| Date: | Fri, 30 Jan 2004 13:18:56 -0500 |
| Reply-To: | Sigurd Hermansen <HERMANS1@WESTAT.COM> |
| Sender: | "SAS(r) Discussion" <SAS-L@LISTSERV.UGA.EDU> |
| From: | Sigurd Hermansen <HERMANS1@WESTAT.COM> |
| Subject: | Re: Proc Sql vs. Datastep |
|
| Content-Type: | text/plain |
|---|
Howard:
I suspect that SQL does find a SORTEDBY value that confirms the sort order
of the data, or the data are being read from sorted external files into a
SAS dataset. This example shows that the distinct counts occur within
groups:
data testSum;
input Mid totdaysofwk Mweek totspendofwk ;
cards;
1 2 3 4
1 6 7 8
2 5 4 3
;
run;
proc sql;
select Mid, sum(totdaysofwk)/count(distinct Mweek) as meandays,
sum(totspendofwk) as totspend
from testSum
group by Mid;
quit;
Since the DISTINCT counts occur within groups, the order of data rows should
not matter that much unless the groups span very large numbers of rows.
Sig
-----Original Message-----
From: Howard Schreier [mailto:Howard_Schreier@ITA.DOC.GOV]

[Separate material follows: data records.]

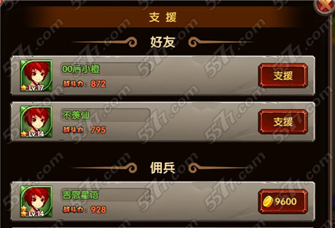 4、选择好友支援的时候,建议玩家朋友选择战斗力强的好友,这样可以确保在通关的时候战斗力加强可以一次顺利的通关获得3星关卡奖励。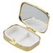 The pillbox features a polished gold exterior with a smooth, engraved diamond pattern on the base that adds an elegant touch. A secure clasp keeps the contents safely tucked inside, while a small mirror on the underside of the lid lets you check your makeup or freshen up throughout the day. Inside, a white insert is divided into two compartments—ideal for storing pills, vitamins, mints, small candies, or even jewelry. This compact pill case for women is discreet and slips easily into a pocket, purse, or travel bag, and the flexible latch makes it simple to open and close on the go.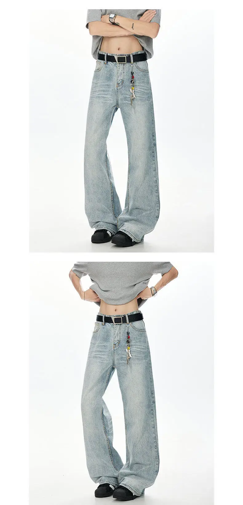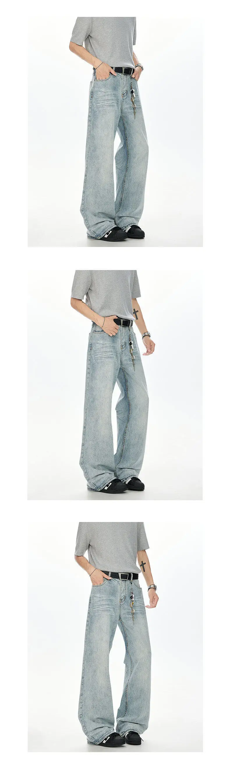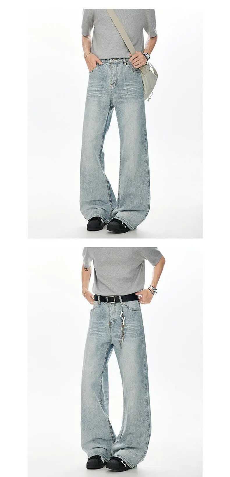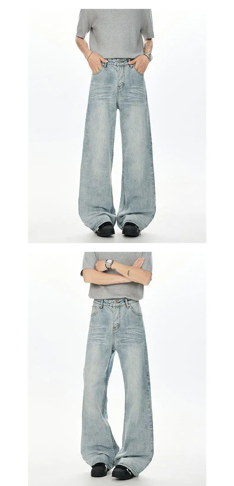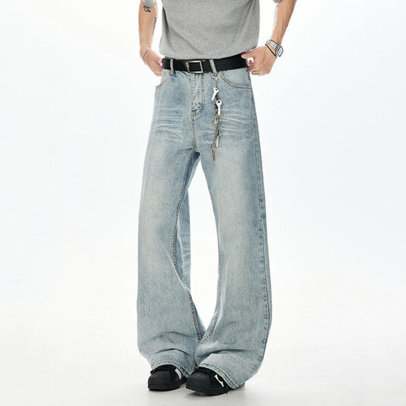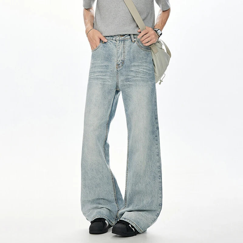 Korean Style Men Denim Pants Solid Color Washed Moustache Effect Wide Leg Trousers Loose Male Straight Jeans Summer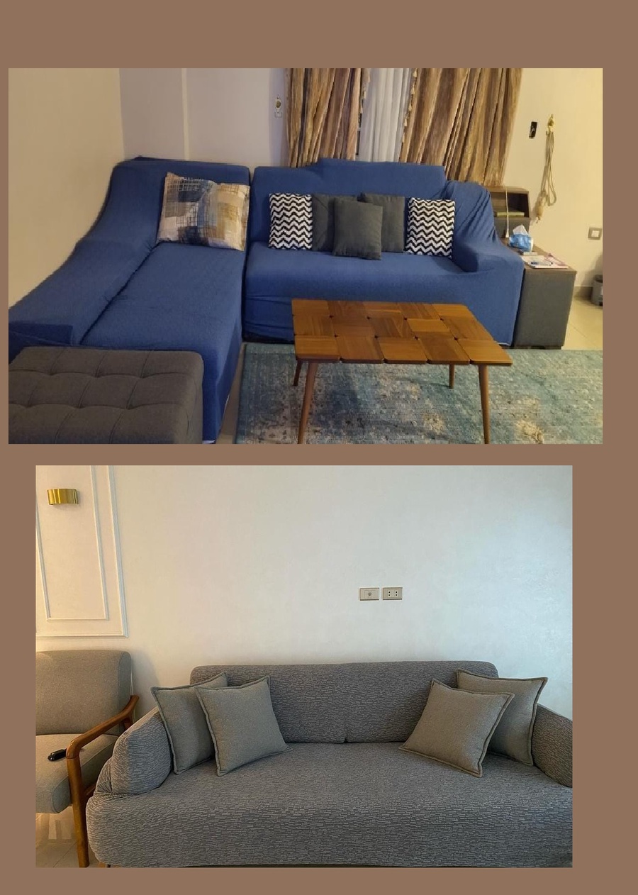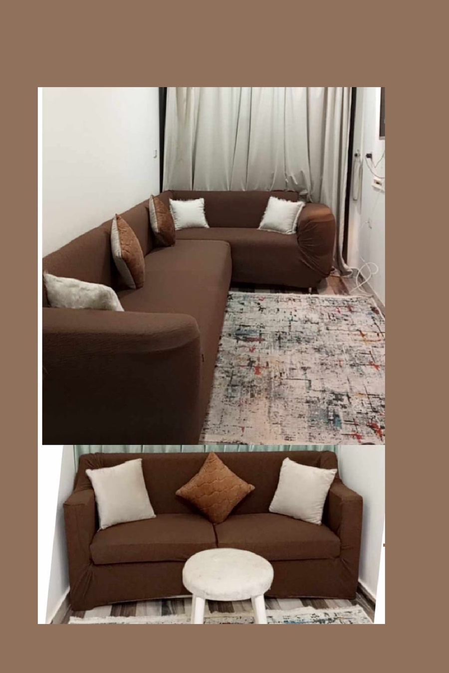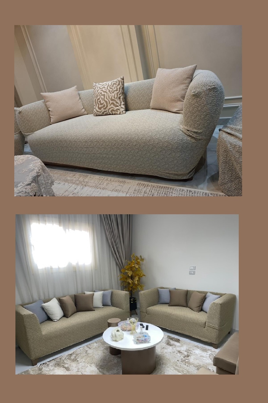 الطقم مناسب لتجديد الانتريه والصالون، خامة جاكار كتان عملية، مرنة، وسهلة التنظيف، مع تغطية كاملة وشكل شيك عصري.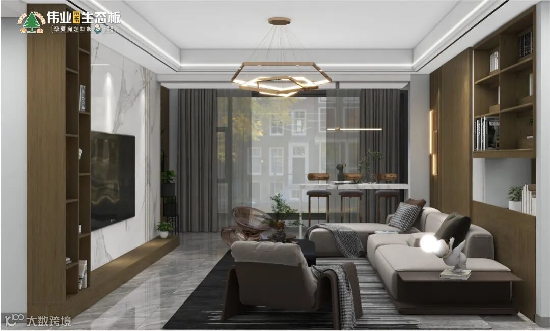 “原木色+岩面”组成电视墙,原木色的柔和,完美中和岩面的粗粝感。在地台的基础上,增加收纳格、L型镂空设计,摆上装饰品、艺术画,轻松营造文艺气息。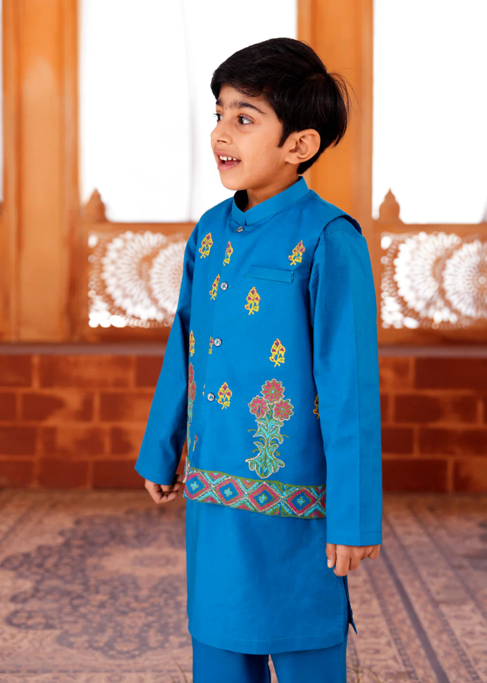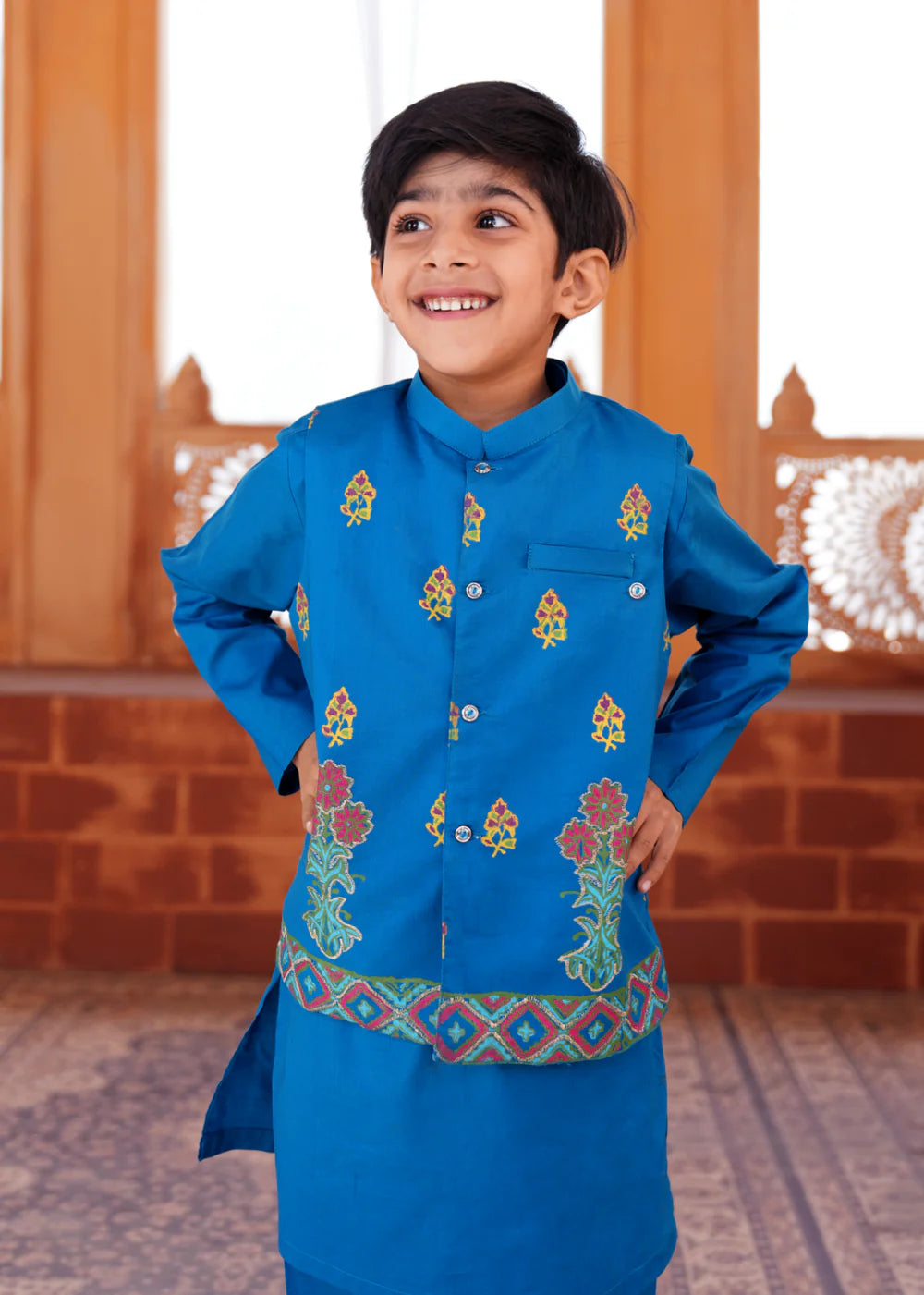 Royal Sapphire Blue Block printed Waistcoat, Kurta, and Trouser Set (3 PIECE) Kurta+Trouser+Waistcoat Let your little one stand out in this Sapphire Blue Cotton ensemble, featuring a beautifully block-printed waistcoat, kurta, and trouser. The decent floral and geometric patterns add a vibrant touch, making it a perfect blend of tradition and elegance. Designed for comfort and style, this outfit is a must-have for festive celebrations, weddings, and special occasions. A timeless classic with a regal charm! Disclaimer: Actual product color may vary slightly from the image.

Sent: Thursday, January 29, 2004 10:16 PM
To: SAS-L@LISTSERV.UGA.EDU
Subject: Re: Proc Sql vs. Datastep
Two theories about this particular case:
(1) The input is sorted, but that fact is not recorded in the dataset header
so SQL does not know about it and re-sorts.
(2) SQL does not exploit the sort sequence (or employ any other single-pass
strategy) in accumulating the DISTINCT counts.
On Thu, 29 Jan 2004 14:15:00 -0500, Sigurd Hermansen <HERMANS1@WESTAT.COM>
wrote:
>NetComm888:
>A couple of comparisons of fast SAS Data step programs relative to slow
>SAS SQL programs have appeared on the 'L recently. This third such
>comparison has at last provoked my usual response.
>
>If you are trying to mimic the SQL GROUP BY, I don't believe that your
>Data step will work properly unless you have data in a specific sort
>order. SAS SQL automatically sorts a dataset as required unless the
>compiler has an index or a SORTEDBY value that indicates required sort
>order. While a relatively simple SAS SQL query will take a bit longer
>to execute, sorting time probably accounts for much of the difference
>that you are observing.
>
>SAS SQL does not optimize the LEFT JOIN, transitive INNER JOIN's, and
>some JOIN's that, as Paul Dorfman has demonstrated repeatedly, could be
>accelerated using hash indexes. Those exceptions aside, the time,
>effort, and risk of specialized Data step development, in my
>experience, generally off-sets the slightly longer waiting times and
>slightly greater CPU usage required to execute SQL queries. Sig
>
>-----Original Message-----
>From: NetComm888 [mailto:netcomm888@YAHOO.COM]
>Sent: Thursday, January 29, 2004 1:23 PM
>To: SAS-L@LISTSERV.UGA.EDU
>Subject: Proc Sql vs. Datastep
>
>
>I did the following comparison on a very large dataset, which is sorted
>by MId and MWeek. The goal is to summarize the spend and visits by
>MId. Proc Sql is much neater in terms of coding, very easy to
>understand and follow. But the problem is sql runs much slower than the
>datastep. The datastep achieves the same goal by using the retain
>statement. The coding is kinda ugly, but runs super faster. Could
>anybody explain why to me? I didn't expect Proc Sql could be this slow,
>compared with the datastep.
>
>
>proc sql;
> create table test.Midstats_sql as
> select Mid, sum(totdaysofwk)/count(distinct Mweek) as meandays,
> sum(totspendofwk) as totspend
> from test.weekstats_o
> group by Mid;
>quit;
>
>
>
>**************** The datastep is used to achieve the same goal as the
>sql above ****************; data test.Midstats_dat;
> set test.weekstats_o end=eof;
> if _n_=1 then do;
> retainMid=Mid;
> totdays=0;
> retainMwk=Mweek;
> totwks=1;
> totspend=0;
>end;
>
>retain retainMid totdays retainMwk totwks totspend;
>
>if Mid=retainMid then do;
> totspend=sum(totspend,totspendofwk);
> totdays=sum(totdays,totdaysofwk);
> if Mweek ^=retainMwk then do;
> totwks=totwks+1;
> retainMwk=Mweek;
> end;
>end;
>
>else if Mid^=retainMid then do;
> output test.Midstats_dat;
> retainMid=Mid;
> totdays=totdaysofwk;
> totspend=totspendofwk;
> retainMwk=Mweek;
> totwks=1;
>
>end;
>
>if eof then do;
> output test.Midstats_dat;;
>end;
>
>run;
|